Recorded data.
+++
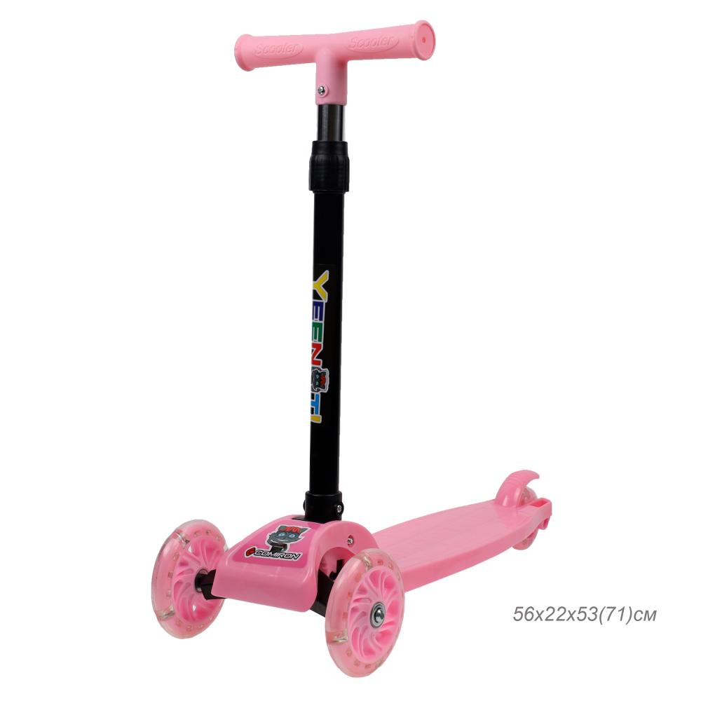 Самокат трехколесный облегчённый для детей от 3-х лет Yeenot GT105, нагрузка до25кг, вес 1,2кг, светящиеся колёса 110мм, цвет розовый БК/уп13
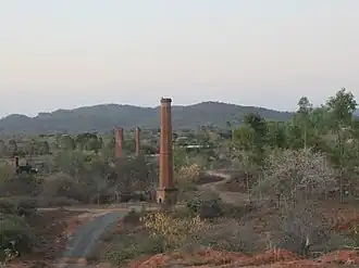 The Ravenswood Gold Mining Syndicate's (Judge's) mill initially consisted of 10 head of stamps obtained from the Mother Lode Mill at Mount Wright (northwest of Ravenswood), powered by a diesel engine. The ore was crushed by the stamper battery, concentrated with Wilfley tables, and then either treated with cyanide or sent to the Chillagoe smelters. Initial success with some rich ore led to enlargement of the mill to 30 stamps in 1939–1940.[14][147] The annual report for 1940 claimed the mill had been expanded to 30 head of stamps during 1940, but work was reportedly also underway on the expansion in late 1939.[148] A Stirling boiler and a 250 hp engine were also obtained from the Burdekin meatworks (Sellheim), and a rock breaker, elevator and conveyor were installed.[149] However, the upgraded mill proved to be overpowered and required a lot of timber fuel; the brick foundations used for the machinery were not strong enough; and the best ore from the Sunset had already been treated, so the mill closed early in 1942 and the plant was moved to Cloncurry.[1][29][150][151]
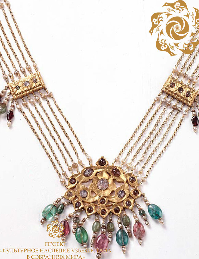Ювелирные украшения бухарских евреев в коллекциях РЭМ отличают не столько особые виды и формы – аналогичные украшения носили и узбечки, сколько большее использование золота, драгоценных и полу-драгоценных камней, тогда как у других народов Средней Азии пред-почтение традиционно отдавалось серебру.
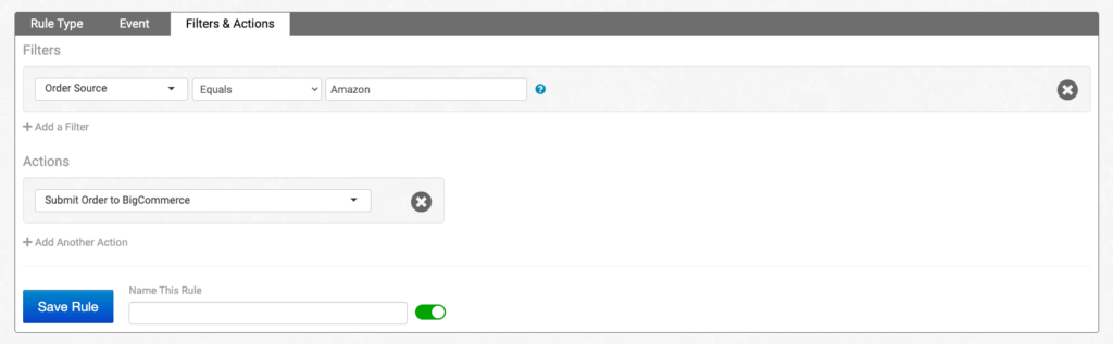 Next set the filters that will tell Order Desk which orders should go to BigCommerce (for example, all Amazon orders), and select the Submit Order to BigCommerce action:
+++
The line containing "Ювелирные украшения бухарских" and every line after it, through the end of the data, are to be output exactly. Omit the pictures.

Ювелирные украшения бухарских евреев в коллекциях РЭМ отличают не столько особые виды и формы – аналогичные украшения носили и узбечки, сколько большее использование золота, драгоценных и полу-драгоценных камней, тогда как у других народов Средней Азии пред-почтение традиционно отдавалось серебру.
 Next set the filters that will tell Order Desk which orders should go to BigCommerce (for example, all Amazon orders), and select the Submit Order to BigCommerce action:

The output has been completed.